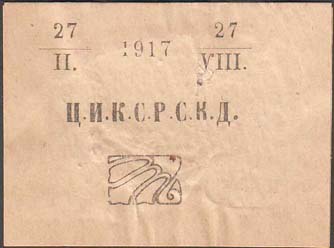 1917 1917 г. 27.II. – 27.III.1917 г. Разм. 55 х 41 мм. Одноцветная печать на тонкой желтоватой бумаге. В центре аббревиатура: «Ц.И.К.С.Р.С.К.Д.». Сверху дата: «27/II – 27/III». Внизу декоративный элемент.
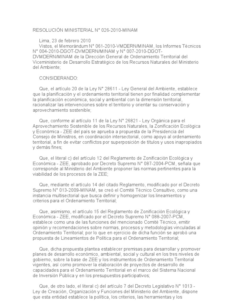 RESOLUCIÓN MINISTERIAL N° 026-2010-MINAM
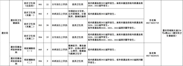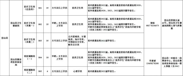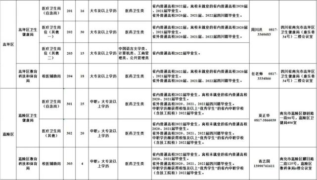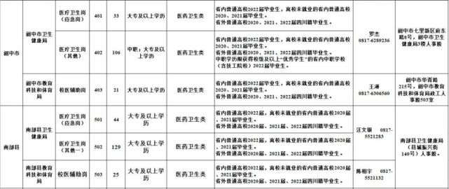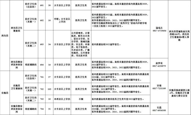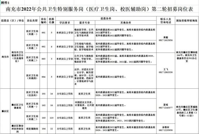 1.南充市2022年公共卫生特别服务岗(医疗卫生岗、校医辅助岗)第二轮招募岗位表
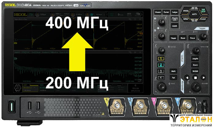 Опция DHO4000-BWU2T4 позволяет увеличить полосу пропускания осциллографов Rigol серии DHO4000 с 200 МГц до 400 МГц.
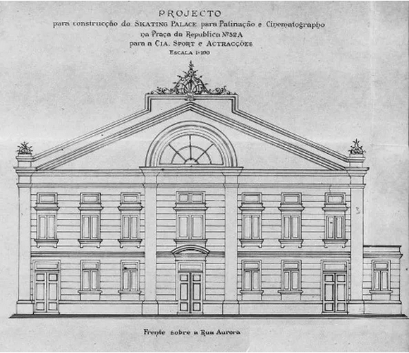 E, em seguida, o projeto arquitetônico com a fachada posterior do Skating Palace, que foi construído em 1911 na Praça da República, número 52, esquina com Rua Aurora. Reparem na beleza e no detalhamento do desenho que concentraria o rink de patinação e um cinematographo, solicitado pela Cia, Sport e Actracções.

**PROMPT**
The lines from the beginning of the listing above through the line holding "1.南充市2022年公共卫生" are to be duplicated exactly, and the pictures omitted.

**TASK RESULT**
 1917 1917 г. 27.II. – 27.III.1917 г. Разм. 55 х 41 мм. Одноцветная печать на тонкой желтоватой бумаге. В центре аббревиатура: «Ц.И.К.С.Р.С.К.Д.». Сверху дата: «27/II – 27/III». Внизу декоративный элемент.
 RESOLUCIÓN MINISTERIAL N° 026-2010-MINAM
 1.南充市2022年公共卫生特别服务岗(医疗卫生岗、校医辅助岗)第二轮招募岗位表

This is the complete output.